> Problem requirements
Print all the data below exactly, without images.

> Data segment
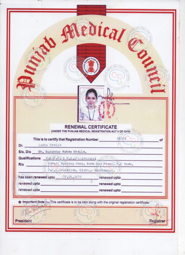 Dr. Mrs. Lucky Bhalla Sehgal is a renowned Pediatrician and Neonatologist of Amritsar. She did her MBBS from Manipal University in the year 2005. She was a distinction holder in MBBS. She persued her MD Pediatrics from Maharastra university of health sciences in the year 2007-2010. Later she did her Fellowship in Neonatology from Govt Medical College Sector 32 Chandigarh in the year 2011. She had successfully managed extremely premature infant as early as 23 weeks gestation (500 gms) and full term infants with a variety of medical and surgical illness. She was the topper in her MD and Fellowship Examination among all students in her college. She has participated enthusiastically in all social projects like the School Heath programmes, rural health camps, Government initiated programs like the pulse polio immunization campaign, Breast feeding awareness camps and the health checkup clinics for visually challenged children and children from broken homes.
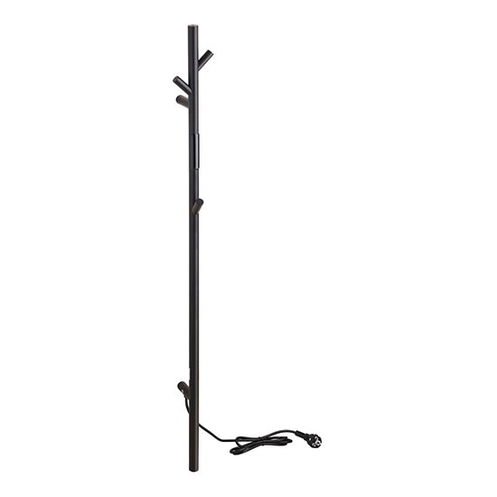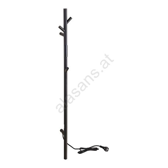• Elektrischer Handtuchwärmer mit eleganter schwarzer Oberfläche.
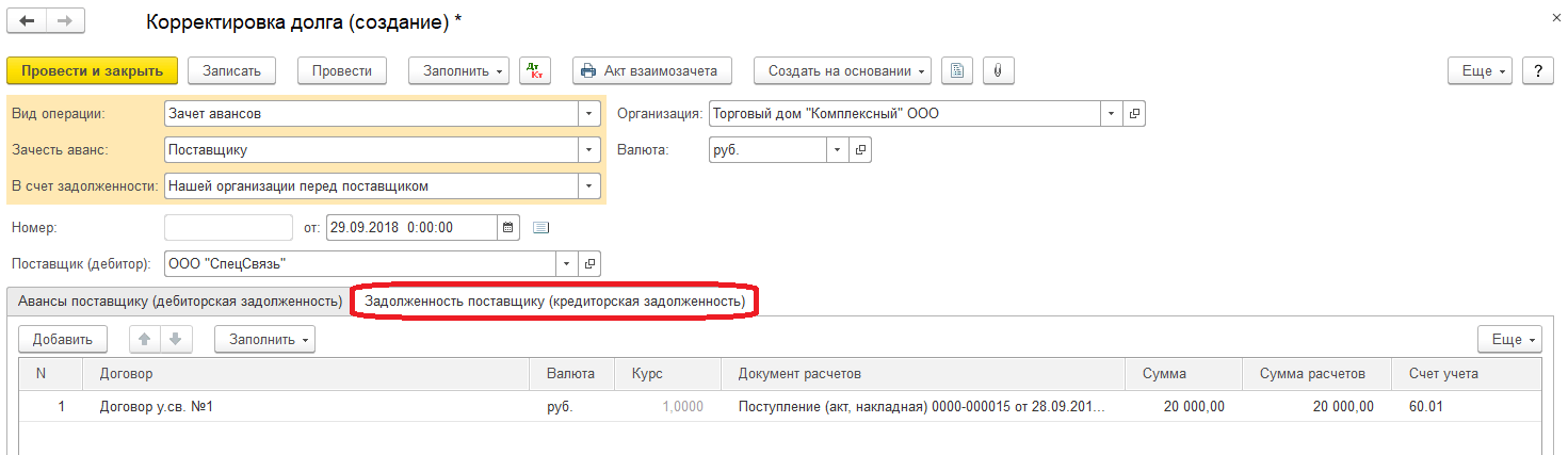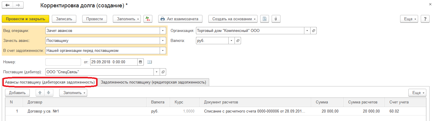 . Это позволит закрыть задолженность по документу расчетов или определить новую сумму возникшего аванса вследствие переплаты.

> Written response
 Dr. Mrs. Lucky Bhalla Sehgal is a renowned Pediatrician and Neonatologist of Amritsar. She did her MBBS from Manipal University in the year 2005. She was a distinction holder in MBBS. She persued her MD Pediatrics from Maharastra university of health sciences in the year 2007-2010. Later she did her Fellowship in Neonatology from Govt Medical College Sector 32 Chandigarh in the year 2011. She had successfully managed extremely premature infant as early as 23 weeks gestation (500 gms) and full term infants with a variety of medical and surgical illness. She was the topper in her MD and Fellowship Examination among all students in her college. She has participated enthusiastically in all social projects like the School Heath programmes, rural health camps, Government initiated programs like the pulse polio immunization campaign, Breast feeding awareness camps and the health checkup clinics for visually challenged children and children from broken homes.
• Elektrischer Handtuchwärmer mit eleganter schwarzer Oberfläche.
 . Это позволит закрыть задолженность по документу расчетов или определить новую сумму возникшего аванса вследствие переплаты.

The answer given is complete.